Des charges sociales qui alourdissent considérablement le coût réel
Au-delà du brut, le système social français pénalise fortement les rémunérations des dirigeants. Selon Join Jump (août 2025), un gérant majoritaire en SARL supporte environ 45 à 50 % de charges sociales. Pour un président de SAS, les charges atteignent 64 % du salaire brut, patronales et salariales comprises.
Legalstart va plus loin : pour un salaire brut de 90 000 euros, le coût total atteint 130 500 euros en SARL et grimpe à 148 500 euros en SAS. Ce système impacte directement le pouvoir d’achat. Un fondateur percevant 90 000 euros brut ne touchera qu’environ 70 200 euros nets, soit 13 260 euros de moins qu’un dirigeant de PME bénéficiant d’un régime social différent.
Des risques financiers personnels majeurs
Le parcours entrepreneurial expose les fondateurs à des risques souvent ignorés du grand public. La quasi-totalité des banques exige une caution personnelle pour accorder un prêt, ce qui engage directement le patrimoine privé des dirigeants.
En cas de défaillance, les créanciers peuvent saisir la résidence principale, les comptes épargne et, dans certains cas, impliquer le conjoint selon le régime matrimonial. L’Expert-Comptable rappelle que la responsabilité du fondateur peut dépasser ses apports s’il s’est porté caution.
Ces risques sont accentués par un taux de défaillance en forte hausse. Selon la Fondation MMA, le taux de faillite des start-ups dites matures est passé de 0,5 % en 2022 à 5,6 % en 2024. La Banque de France rapporte que 82 start-ups ont été placées en procédure judiciaire en 2024, dont 57 au cours de l’année, soit un taux annuel de sinistralité de 2,5 %.
Le phénomène s’est accéléré : 70 % des entreprises en difficulté ont été directement placées en liquidation judiciaire (Banque de France, septembre 2025).
Une frontière floue entre vie pro et perso
Les fondateurs de start-up s’imposent des rythmes de travail largement supérieurs à la norme. L’étude Hiscox (septembre 2025) indique une moyenne de 44,5 heures hebdomadaires pour les entrepreneurs français, avec 43 % dépassant les 50 heures par semaine.
La charge de travail se traduit aussi par un coût psychologique élevé. Près de 40 % des entrepreneurs présentent une probabilité modérée ou élevée de burn-out, selon l’étude WILLA-Harmonie Mutuelle (octobre 2024). Toujours selon cette étude, 88 % des fondateurs se disent émotionnellement épuisés et 84 % déclarent ressentir une fatigue qui dépasse le simple surmenage en fin de journée.

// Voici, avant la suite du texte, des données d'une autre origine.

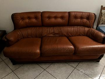 Divano in pelle e legno massiccio laccato
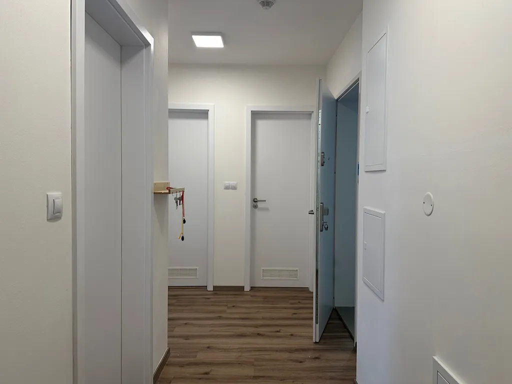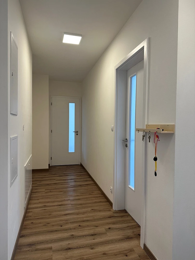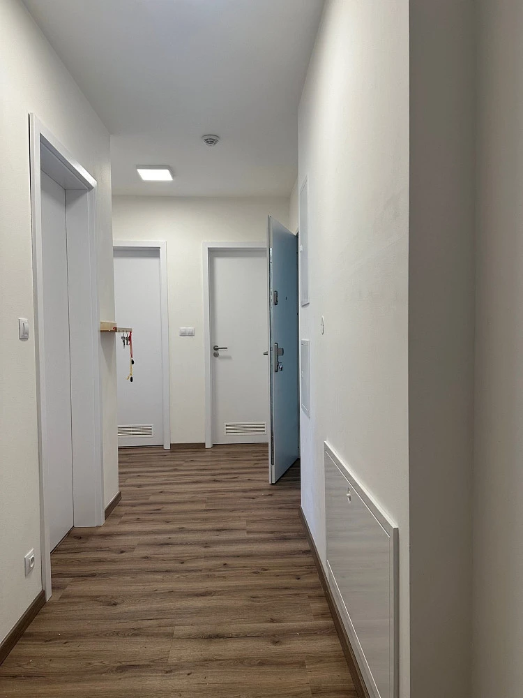 Byt je vybaven rovnou kuchyňskou linkou v moderním bílo šedém designu (součástí indukční varná deska, myčka 600 mm, led osvětlení, kvalitními venkovními roletami ve všech pokojích, videotelefon. Jedinečnou prioritou je podlahové topení - vyšší standard.

BPI France (juin 2025) confirme que 82 % des dirigeants souffrent d’au moins un trouble physique ou psychologique, un chiffre en hausse de 11 points en un an. Seulement 68 % d’entre eux se considèrent aujourd’hui en bonne santé mentale, contre 76 à 80 % les années précédentes.
Une rentabilité incertaine, même après la levée de fonds
Malgré les levées, l’équilibre financier reste précaire. Selon la Banque de France (septembre 2025), 41 % des start-ups de son échantillon affichent un résultat d’exploitation positif, contre 59 % avec un résultat négatif, pour un total de 4,1 milliards d’euros de pertes cumulées. Les start-ups en perte disposent de moins d’un an de trésorerie en l’absence d’une nouvelle levée.
Le pari sur la valorisation des parts constitue la principale promesse d’enrichissement pour les fondateurs. Mais cette rémunération différée est hautement aléatoire. Le taux d’échec des start-ups, estimé entre 60 % et 90 %, rend l’accès à cette plus-value très incertain.
Seuls 52 entrepreneurs français de la tech figurent dans le classement des 500 plus grandes fortunes professionnelles, preuve que l’enrichissement par l’hypercroissance reste réservé à une infime minorité.